• _Your instructions_
Exactly the lines starting at the line containing "搭配現代風格的工業風裝潢,點" and ending at the line containing "SPI接口按需触发;LBIS" are to be written out from the listing below, both included.

• _Data to use_

'''

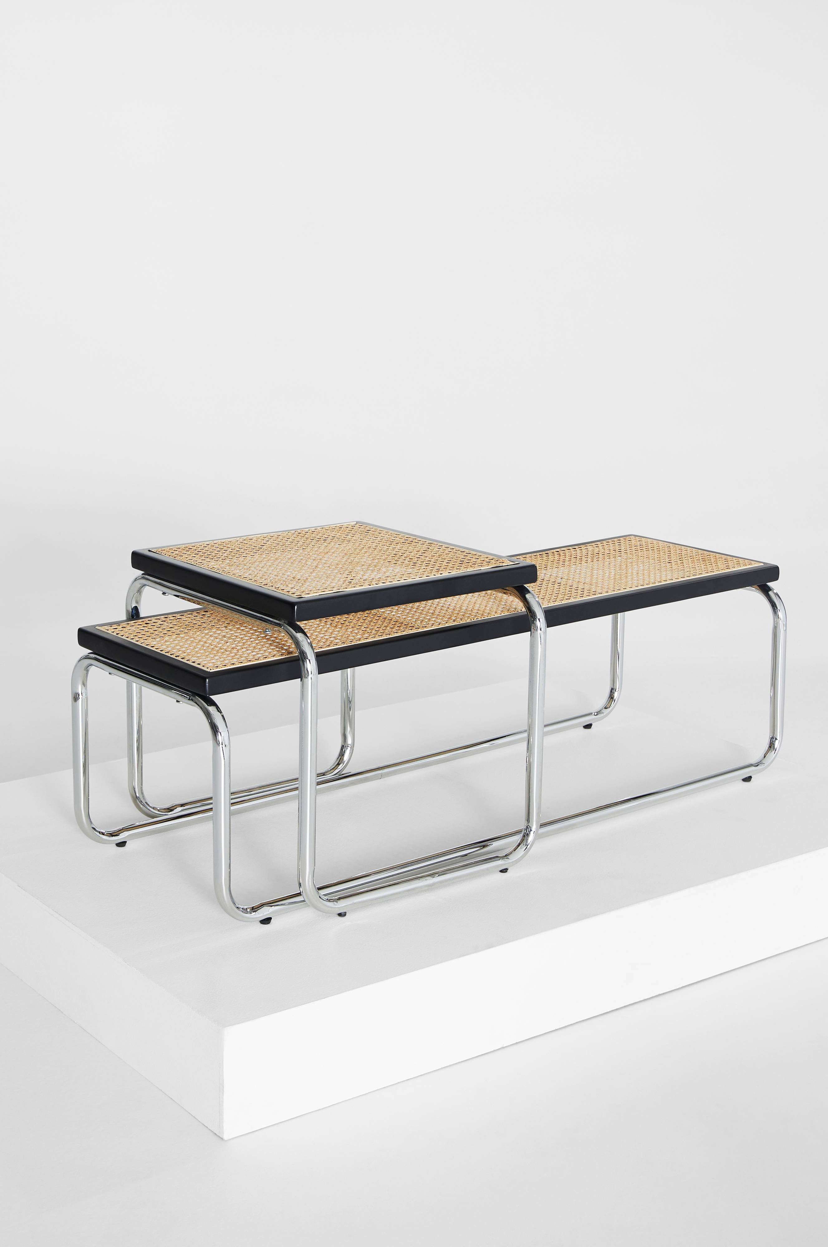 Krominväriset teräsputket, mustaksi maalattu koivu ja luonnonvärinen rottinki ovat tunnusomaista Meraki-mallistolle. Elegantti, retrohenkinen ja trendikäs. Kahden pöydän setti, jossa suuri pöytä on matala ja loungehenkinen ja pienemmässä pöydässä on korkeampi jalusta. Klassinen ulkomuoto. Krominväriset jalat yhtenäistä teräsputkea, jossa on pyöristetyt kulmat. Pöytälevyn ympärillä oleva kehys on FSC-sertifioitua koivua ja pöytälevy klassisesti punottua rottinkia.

'''
'''

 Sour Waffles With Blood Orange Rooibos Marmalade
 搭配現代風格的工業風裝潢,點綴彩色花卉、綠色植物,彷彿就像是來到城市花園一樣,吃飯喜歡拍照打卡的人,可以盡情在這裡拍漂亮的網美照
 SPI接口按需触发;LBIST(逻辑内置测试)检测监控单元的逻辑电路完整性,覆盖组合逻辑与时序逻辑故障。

'''

• _Output for this task_
 搭配現代風格的工業風裝潢,點綴彩色花卉、綠色植物,彷彿就像是來到城市花園一樣,吃飯喜歡拍照打卡的人,可以盡情在這裡拍漂亮的網美照
 SPI接口按需触发;LBIST(逻辑内置测试)检测监控单元的逻辑电路完整性,覆盖组合逻辑与时序逻辑故障。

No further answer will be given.